FPOAs have a core grid of silicon objects or core objects. These objects are connected through a synchronous interconnect. Each core object also has supporting structures for clock synchronization, BIST and the like. The core is surrounded by peripheral circuitry that contains memory and I/O. An interface circuitry connects the objects to rest of FPOA. Exact number of each type of object and its arrangement are specific to a given family. There are two types of communication: nearest member and "party-line". Nearest member is used to connect a core to nearest core object and party line is used to connect remote objects. There are 8 nearest neighbor interconnects per object and offers transmission speed on one object hop per clock cycle. There are 10 party line interconnect per object that offers transmission speed of four object hops per clock cycle.

==Applications==
FPOAs may be used almost anywhere an FPGA is used, broadly in all hardware acceleration tasks including digital signal processing, medical imaging, computer vision, speech recognition, cryptography, bioinformatics, computer hardware emulation, and aerospace.
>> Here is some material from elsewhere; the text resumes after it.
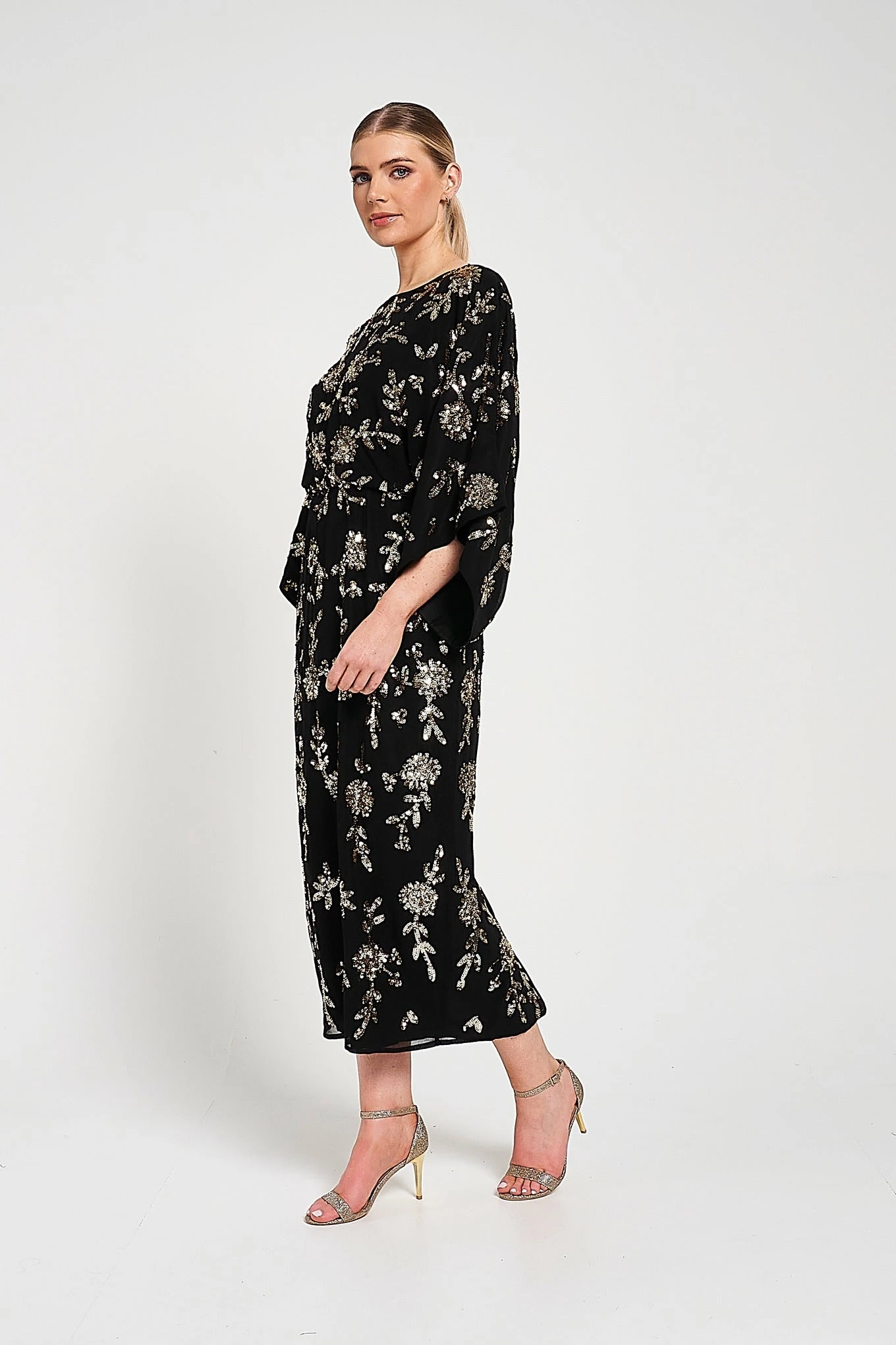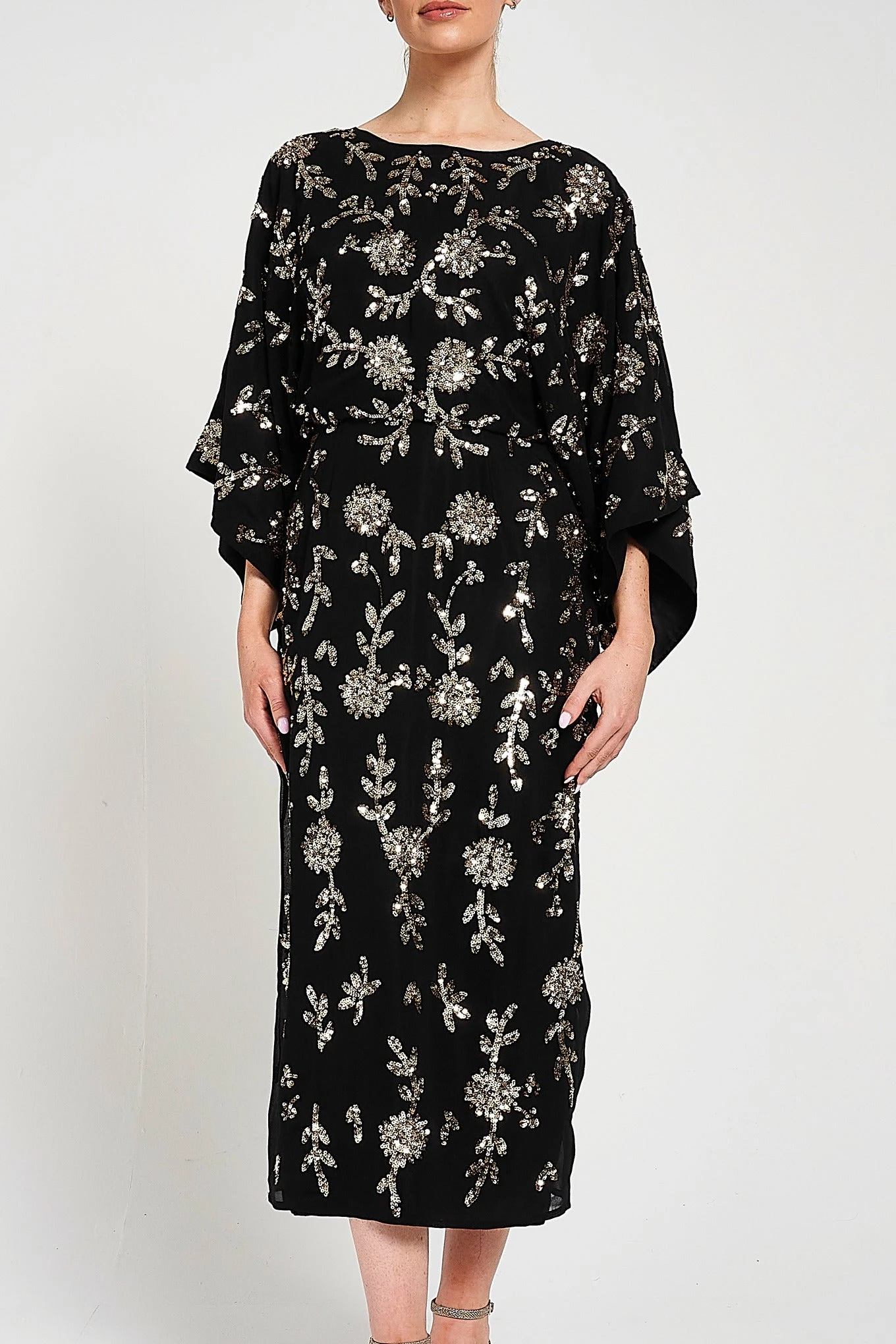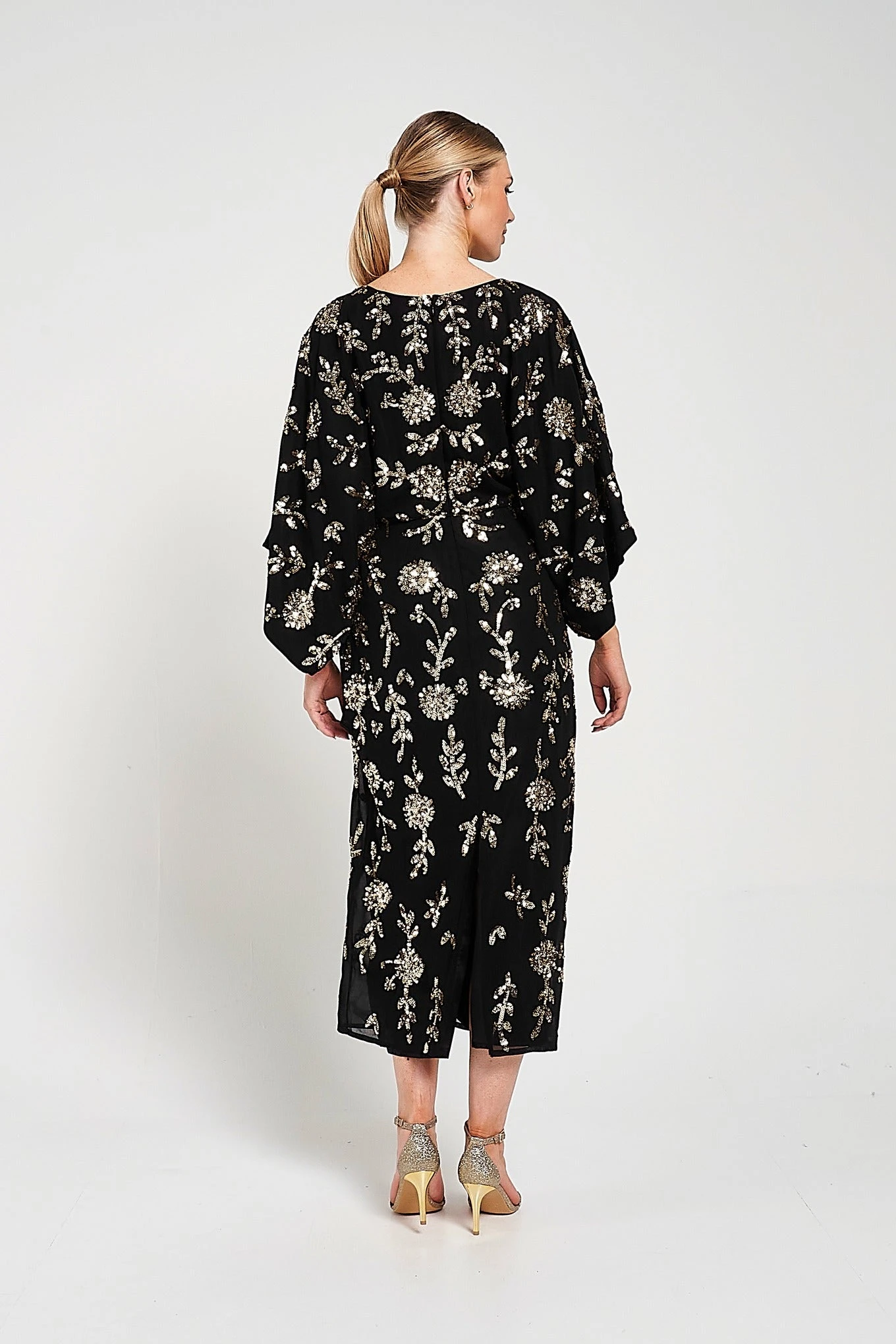 Introducing Melantha: A sparkling party dress in an effortless silhouette. Showcasing gold floral embellishment against a pitch black backdrop, this midaxi length dress is complete with voluminous batwing style sleeves.

Since FPOAs are built around fast and optimized silicon objects, they offer higher performance in flat field error correction, fast Fourier transform computation, medical imaging, machine vision, image encoding and decoding, video encoding and decoding and artificial intelligence acceleration to name a few.

==Development on FPOA==
In FPOA we work at silicon object level a higher level than the gate level used in FPGA. This eases the learning curve and also speeds up development. Programming is done in System C. The Arrix family released in 2006 was supported by FPOA design software, which enabled designers to create, verify, program and debug their algorithms on the devices. Summit Design's Visual Elite tool was used for behavioural simulation. MathStar's COAST (COnnection and ASsignment Tool) offered a graphical environment for floor-planning and placement it compiled to an intermediate code that maps to hardware resources. The Object compiler generated the file to be loaded into the FPGA. In 2007 MathStar struck a partnership with mentor graphics and subsequent release use Visual Elite editor from Mentor Graphics for behavioural simulation and functional verification. FPOAs also offered IP core library IP partners included professionals in the video market as well as machine vision market.

==Present status==
MathStar the producer of FPOAs never posted a profit and the company decided to shut down production in May 2008. MathStar was merged into Sajan Inc. in 2010 and Sajan thus acquired MathStar's patent including that of FPOAs. In November 2011, Sajan sold several of MathStar's patent including some on FPOAs to OLK Grun GmbH.